● **The data**

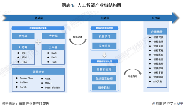 基础层主要提供算力和数据支持,主要涉及数据的来源与采集,包括AI芯片、传感器、大数据、云计算、开源框架以及数据处理服务等。技术层处理数据的挖掘、学习与智能处理,是连接基础层与具体应用层的桥梁,主要包括机器学习、深度学习、计算机视觉、自然语言处理、语音识别等。应用层针对不同的场景,将人工智能技术进行应用,进行商业化落地,主要应用领域有驾驶、安防、医疗、金融、教育等。
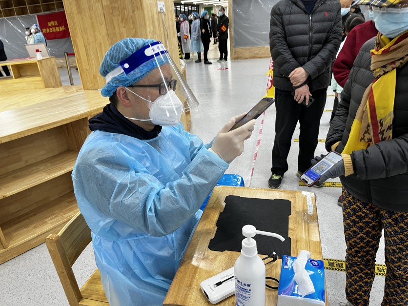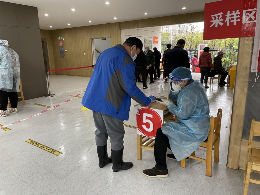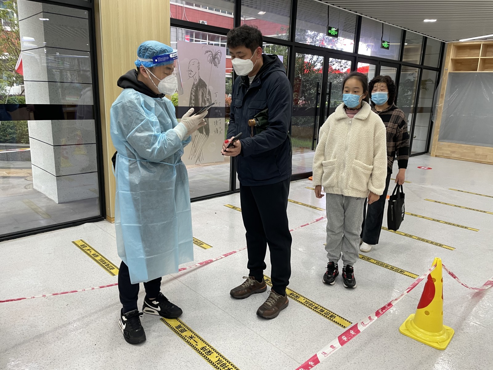 在抗疫志愿服务活动过程中,全体志愿者身着“蓝精宁”马甲不畏风雨,以饱满的情绪积极地投入到防疫工作中,在他们的指引下,江东街道居民们在采样过程中不扎堆、不聚集,不交流,保持安全距离,错时有序进入检测区,依次扫码登记,检验完成,有序离场,整个过程快速、准确、规范。
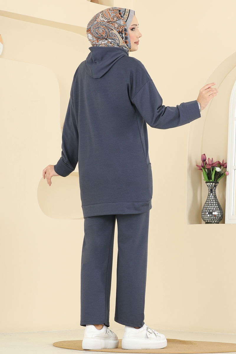 Extremely comfortable and stylish, our Hooded Sport Set is a modest ensemble that can be worn in all four seasons. Made from dual yarn fabric, this set is both high-quality and durable. Comprising a tunic and pants, it can be washed gently at 30 degrees and is easy to maintain. The product features a hooded neckline and is unlined. The product size displayed on the model is 38, indicating a flexible fit that can accommodate various body types.

● **Problem to work on**
The copy must begin with the line containing "在抗疫志愿服务活动过程中,全", end with the last line of the material, match each line exactly, and hold no pictures.

● **Worked solution**
 在抗疫志愿服务活动过程中,全体志愿者身着“蓝精宁”马甲不畏风雨,以饱满的情绪积极地投入到防疫工作中,在他们的指引下,江东街道居民们在采样过程中不扎堆、不聚集,不交流,保持安全距离,错时有序进入检测区,依次扫码登记,检验完成,有序离场,整个过程快速、准确、规范。
 Extremely comfortable and stylish, our Hooded Sport Set is a modest ensemble that can be worn in all four seasons. Made from dual yarn fabric, this set is both high-quality and durable. Comprising a tunic and pants, it can be washed gently at 30 degrees and is easy to maintain. The product features a hooded neckline and is unlined. The product size displayed on the model is 38, indicating a flexible fit that can accommodate various body types.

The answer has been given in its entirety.